In line 59, a loop has been defined to repeat training procedure for n_epoch times. We created another loop for to get input and out data from training_data in line 60. As mentioned before, we set gradient to zero in line 61 using zero_grad method. In line 62, we calculate output of the network for input values. Here, we have been called the forward method implicitly. loss value is calculated as ls in 63 and its backward methods has been called in line 64, and finally, step method of optimizer has been called in line 65.
evaluation:
Without any evaluation, you have no progress. Suppose we have two classes and our accuracy is around 50%. Our algorithm cost flipping a coin! In other words, if we achieve 50% of accuracy for two class, it is better to replace our algorithm with a coin. To evaluate a model, we need two things, a model and test dataset.
067 # evaluation
068 def eval(model, test_ds):
069 predicteds = []
070 actuals = []
071
072 for i, (inputs, targets) in enumerate(test_ds):
073 actual = targets.numpy()
074 actual = actual.reshape((len(actual), 1))
075
076 pred = model(inputs)\
077 .detach()\
078 .numpy()\
079 .round()
080
081 predicteds.append(pred)
082 actuals.append(actual)
083
084 predictions = np.vstack(predicteds)
085 actuals = np.vstack(actuals)
086
087 acc = accuracy_score(actuals, predictions)
088 return acc
In line 68 we defined a function with two parameters, model and test_ds. In lines 69 and 70, predicted values by model and actual values are defined as predicteds and actuals, respectively. In line 73, we have got numpy values of the actual. In line 74, we converted actual values as mentioned before in line 20. In line 76, we predict value for inputs, then detach them, afterward get numpy values of them, and finally put them to pred. Predicted values and actual values are appended to predicteds and actuals lists. In lines 84 and 85, we convert the lists to vertical stack of numpy values using vstack function. In line 87, accuracy_score calculates accuracy and return it and line 88.

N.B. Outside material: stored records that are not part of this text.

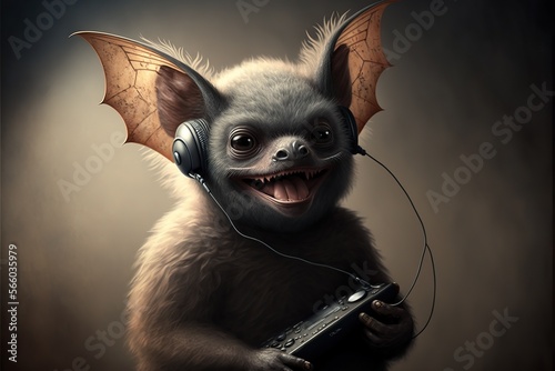 Happy bat wearing headphones, concept of Music Appreciation and Self-Expression, created with Generative AI technology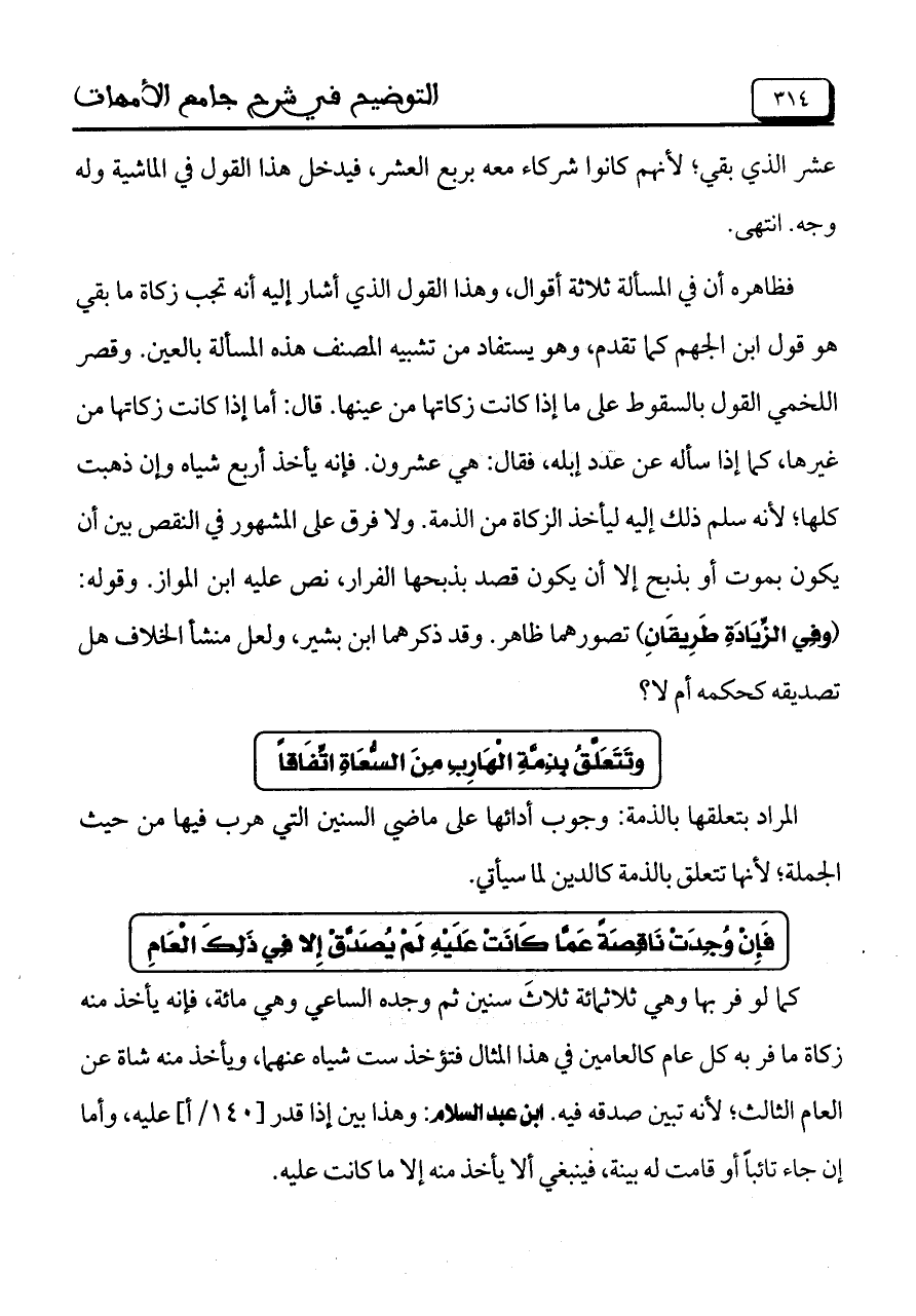 فظاهره أن في المسألة ثلاثة أقوال، وهذا القول الذي أشار إليه تجب زكاة ما بقي هو قول ابن الجهم كما تقدم، وهو يستفاد من تشبيه المصنف هذه المسألة بالعين. وقصر اللخمي القول بالسقوط على ما إذا كانت زكاتها من عينها. قال: أما إذا كانت زكاتها من غيرها، كما إذا سأله عن عدد إبله، فقال: هي عشرون. فإنه يأخذ أربع شياه وإن ذهبت كلها؛ ٍلأنه سلم ذلك إليه ليأخذ الزكاة من الذمة. ولا فرق على المشهور في النقص بين أن يكون بموت أو بذبح إلا أن يكون قصد بذبحها الفرار، نص عليه ابن المواز. وقوله: (وَفِي الزِّيَادَةِ طَرِيقَانِ) تصورهما ظاهر. وقد ذكرهما ابن بشير، ولعل منشأ الخلاف هل تصديقه كحكمه أم لا؟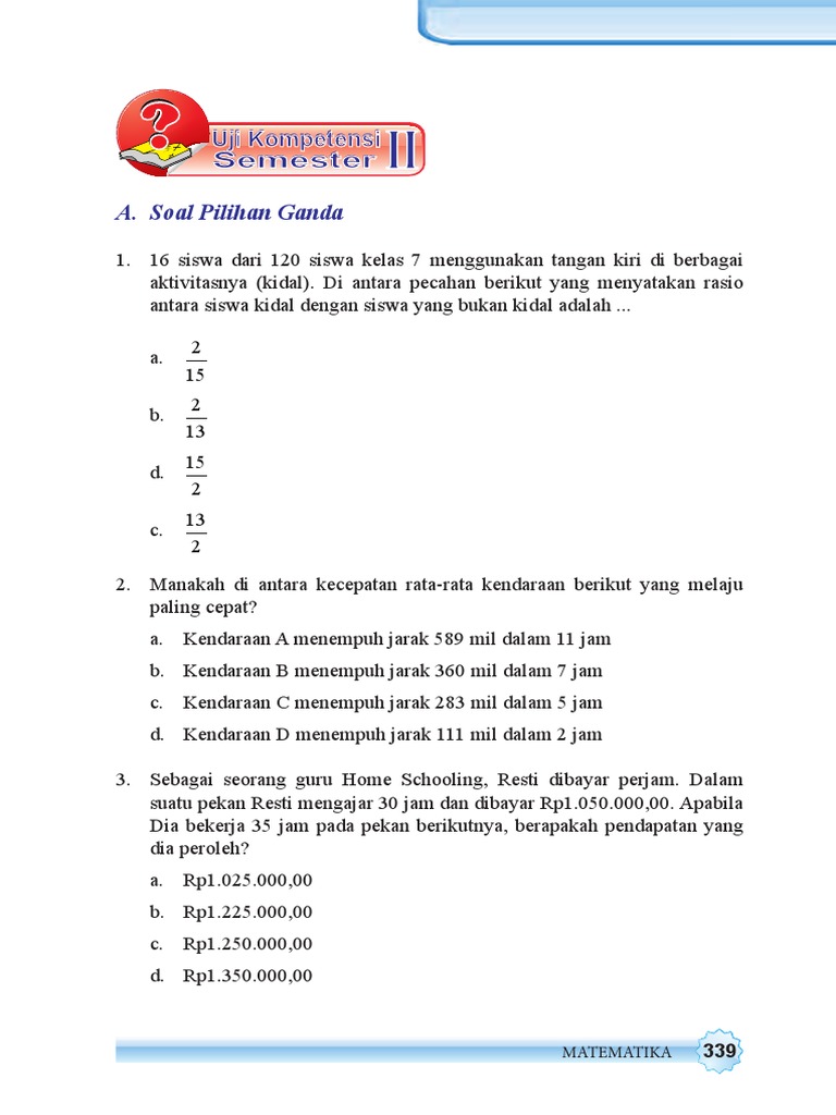Uji Kompetensi Semester 2 Matematika Kelas 7 Guru Galeri from id-static.z-dn.net 16 siswa dari 120 siswa kelas 7 menggunakan tangan kiri di berbagai aktivitasnya (kidal). Jaringan tema yang memberi gambaran kepada guru tentang suatu tema yang melingkupi beberapa kompetensi dasar (kd) dan indikator dari berbagai mata pelajaran. 16 siswa dari 120 siswa kelas 7 menggunakan tangan kiri di berbagai aktivitasnya (kidal). Di antara pecahan berikut yang menyatakan rasio antara siswa kidal dengan siswa yang bukan kidal adalah. Bab 1 persamaan dan pertidaksamaan nilai mutlak linear satu variabel uji kompetensi 1 1 hal 37 38 nomor 1 10 essai. Pada kesempatan ini saya akan berbagi soal soal yang mungkin bisa dijadikan referensi untuk penilaian akhir tahun khususnya pelajaran matematika smp kelas 7 semester genap kurikulum 2013 yang dilengkapi dengan kisi kisi dan jawabannya. 16 siswa dari 120 siswa kelas 7 menggunakan tangan kiri di berbagai aktivitasnya (kidal). Di antara pecahan berikut yang menyatakan rasio antara siswa kidal dengan siswa yang bukan kidal adalah.

Now we prepared prerequisites and we must put them together in main program.
090 #main
091 path = 'sonar.all-data'
092 train_sz = 0.8
093
094 # providing dataset
095 df = pd.read_csv(path, header=None)
096 n_input = len(df.columns) - 1
097 ds = Csv_Loader(df)
098 trn, tst = ds.get_splits(test_sz)
099
100 # making model
101 md = Slp(n_input)
102 print('model: ')
103 print(md)
104 print("#"*50)
105
106 # training
107 print('training...')
108 train(model=md, train_data=trn, n_epoch=100)
109 print("#"*50)
110
111 # evaluation
112 acc = eval(model=md, test_ds=tst)
113 print('acc = ' + str(acc))
path is a file path to csv file. test_sz is ratio of data will be used for training. In line 95, whole dataset has been read. We need number of input neurons, we can use an immediate or constant value for that. To keep scalability, we calculate number of columns of csv dataset and subtract 1 from it and save it n_input, in line 96. In lines 97 and 98, we have read dataset from a data frame (provided by pandas library in line 95), and got split them by get_splits method.
In 101, we’ve created our network. In line 108, we’ve trained network. Finally, calculate and show the network accuracy in line 112 and 113.
You can download all code from my repo.
To keep every thing simple, we don’t point to over fitting problem, save model on a file, showing training procedure, data augmentation, model optimizations, and checkpoints.